Parasite has made history. Now get ready for the whiplash. Yes, Bong Joon-Ho’s exploration of inequality and class war became the first foreign language film to win the Oscar for Best Picture. But there’s a but.
This is an achievement that’s rightly being celebrated, and it would be difficult to be begrudge the Academy for patting themselves on the back for this one – after all, self-congratulation is a large part of what the Oscars are about. However, the nature of the Academy might mean that this seismic moment for Parasite, and for the type of cinema that it represents, is something short-lived – an exception rather than a new rule.
The Oscars are no stranger to a certain kind of whiplash, oscillating wildly between different types of film, and with it, different types of representation. Seeing Green Book win best picture two years after Moonlight served as a kind of rude awakening. Moonlight was an art film, unusual in its structure, and approaching themes and issues around representation in ways that Best Picture winners rarely do.
It was unlike any previous Best Picture winner. By comparison, Green Book is aesthetically and thematically much safer for the Academy, covering similar ground to previous winners – like Driving Miss Daisy in 1990.
This is a common issue for the Academy. In spite of small gestures being made in the direction of diversity, including an expansion of Academy membership and steps towards greater transparency, there’s always a chance that, post-Parasite, the Oscars will revert to the status quo.
At the beginning of the decade, the thematically deep exploration of war and identity in The Hurt Locker was followed up with the almost aggressively middlebrow, competent but safe The King’s Speech being awarded Best Picture.
And throughout the 90s, the Academy awarded a range of unexpected films, including Silence of the Lambs, Unforgiven, and Schindler’s List, before handing Best Picture to the cozy revisionism of Forrest Gump.
Parasite even being nominated was something of a shock. In 2009, the Best Picture field was expanded, moving from only having five nominees to having at least five and a maximum of ten. This change has been in effect for more than a decade, but other than Parasite there have still only been two foreign language films nominated for the top prize since then: Michael Haneke’s Amour, and Alfonso Cuaron’s Roma, the latter losing out to Green Book. Foreign language films in Best Picture remain a rarity.

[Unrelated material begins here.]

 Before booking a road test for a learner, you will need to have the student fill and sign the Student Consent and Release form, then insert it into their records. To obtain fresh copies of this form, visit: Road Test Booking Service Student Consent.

The approach that the Academy has to foreign language films becomes even more striking when looking beyond Best Picture and considering the performances that get nominated. Even a cursory glance at past acting winners shows that the Oscars prefer a certain kind of performance – prestige films, almost always about white people, often involving a kind of transformation into a historical figure. But now, post-Parasite, it’s time for the Academy to seriously reckon with the question of why it so rarely nominates performances in foreign language films.
Maybe Bong was right about subtitles being a “one-inch tall barrier” – this certainly seems true when looking at this year’s acting nominees, where Antonio Banderas was the only performer to be nominated for a film not in English. A film like Parasite didn’t emerge from a vacuum, and although the film won six Oscars in total, to see none of the performers nominated for awards is particularly striking.

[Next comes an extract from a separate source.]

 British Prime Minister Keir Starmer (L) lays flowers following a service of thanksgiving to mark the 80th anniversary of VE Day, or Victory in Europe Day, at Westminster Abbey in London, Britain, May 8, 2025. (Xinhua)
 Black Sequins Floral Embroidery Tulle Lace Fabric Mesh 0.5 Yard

It serves as a stark reminder of the Academy’s very narrow conception of what foreign language films should be. It uses the Oscar for Best International Feature as a way to pay lip service to films from beyond the English language, and beyond Hollywood, but refuses to acknowledge the level of craft and performance that went into the creation of these films.
Not including the breakout success of Parasite, the four other films in competition for Best International Feature were nominated for a total of two awards beyond that category: Banderas’ Best Actor nomination for Pain and Glory, and Honeyland being nominated for Best Documentary. Neither of them won.
This creates a problem for the Academy. Not only is Best International Feature seen as the only category in which films outside of the English language should be considered, but it often means that the film nominated in those categories become the only foreign language films that Academy members actually watch. Celine Sciamma’s masterful Portrait of a Lady on Fire was entirely shut out of the Oscar conversation, and the fact that it wasn’t France’s submission for Best International Feature undoubtedly played a role in this.
The historic nature of Parasite’s victory at the Oscars is something that is rightly being celebrated, a sign that every now and then the Academy chooses something that really might be the best film of the year to win Best Picture, irrespective of the things that normally serve as barriers to a win like that, from the one-inch barrier of subtitles to the fact that Parasite is a rare Best Picture winner that isn’t about white people.
But even amid this triumph, other issues for the Academy are still clearly visible. And while the success of Parasite is an indicator of progress, this time next year, we might be having an entirely different but incredibly familiar conversation.